Source tables: fact_sales, dim_date, dim_customer, dim_product,
dim_warehouse, dim_supplier.
Join logic:
- fact_sales to each dimension on the surrogate key
- Select the dimension attributes to inline (no SCD filtering — use current only)
- Include incremental logic using order_date_key as the partition key
Frequently Asked Questions
Should OBT replace my star schema?
Usually not. OBT works best as a serving layer or data mart built on top of a star schema (or raw/staging layer). The star schema provides governance and conformed dimensions; the OBT simplifies consumption for specific use cases. Building OBT directly from raw sources is possible but loses the benefits of dimensional modeling.
How do I handle dimension changes in OBT?
OBT does not handle SCD elegantly. Options: (1) Current state only — rebuild the OBT periodically with the latest dimension attributes; historical reports show current attributes, not point-in-time. (2) Snapshot columns — add effective_from / effective_to to the OBT if you need history; this widens the table further. (3) Keep star schema for historical — use OBT only for current-state dashboards.

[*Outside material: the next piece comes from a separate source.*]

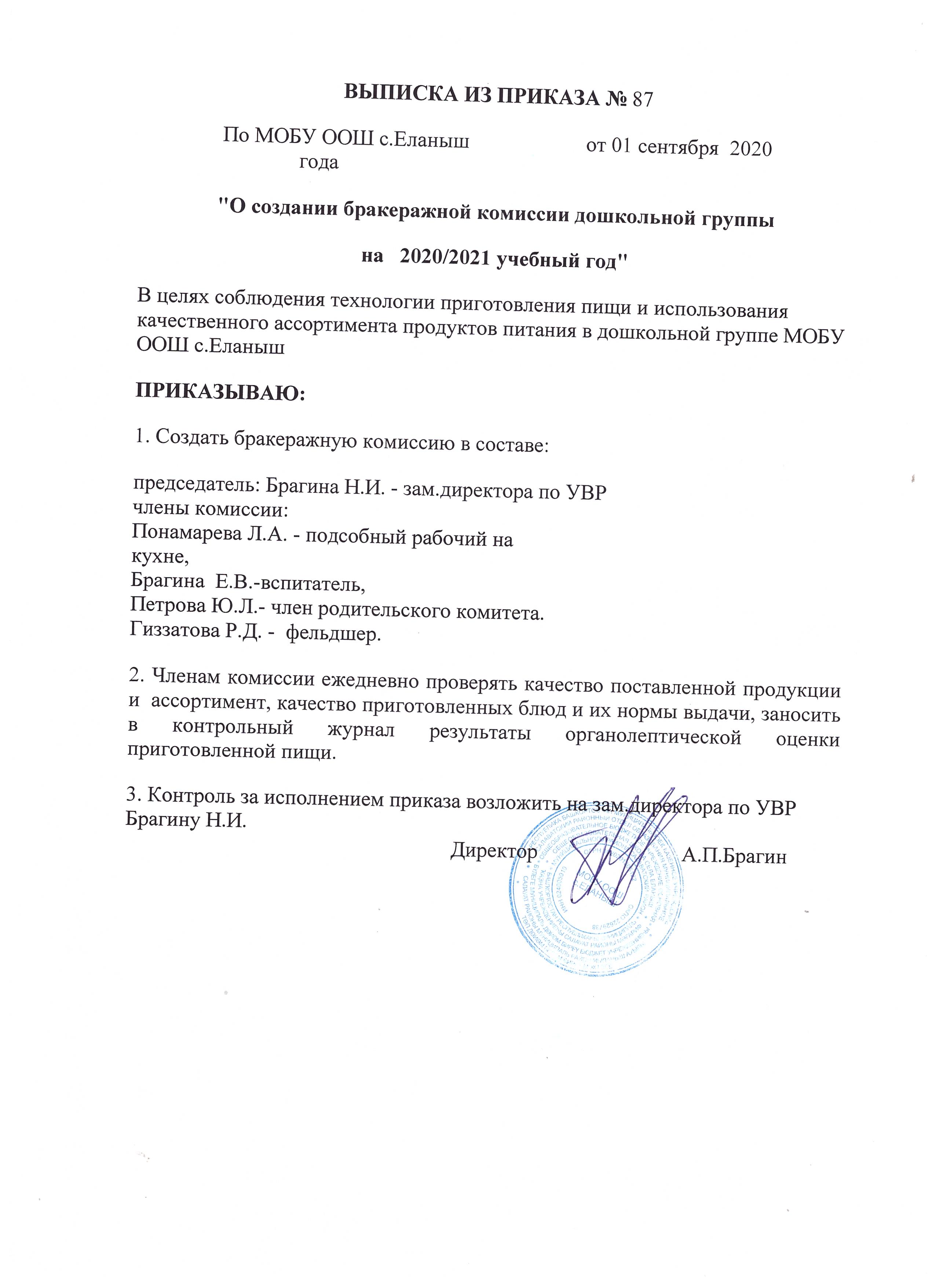 - Ответственный за организацию питания: Брагина Наталья Игоревна

Does OBT work with BigQuery and Snowflake?
Yes. Columnar storage means scanning a wide table is efficient — only the columns in your SELECT are read. Partition by date (e.g., order_date) and cluster by common filter columns (e.g., customer_id, product_category) for best performance. OBT is well-suited to cloud warehouse economics where storage is cheap and compute is billed per query.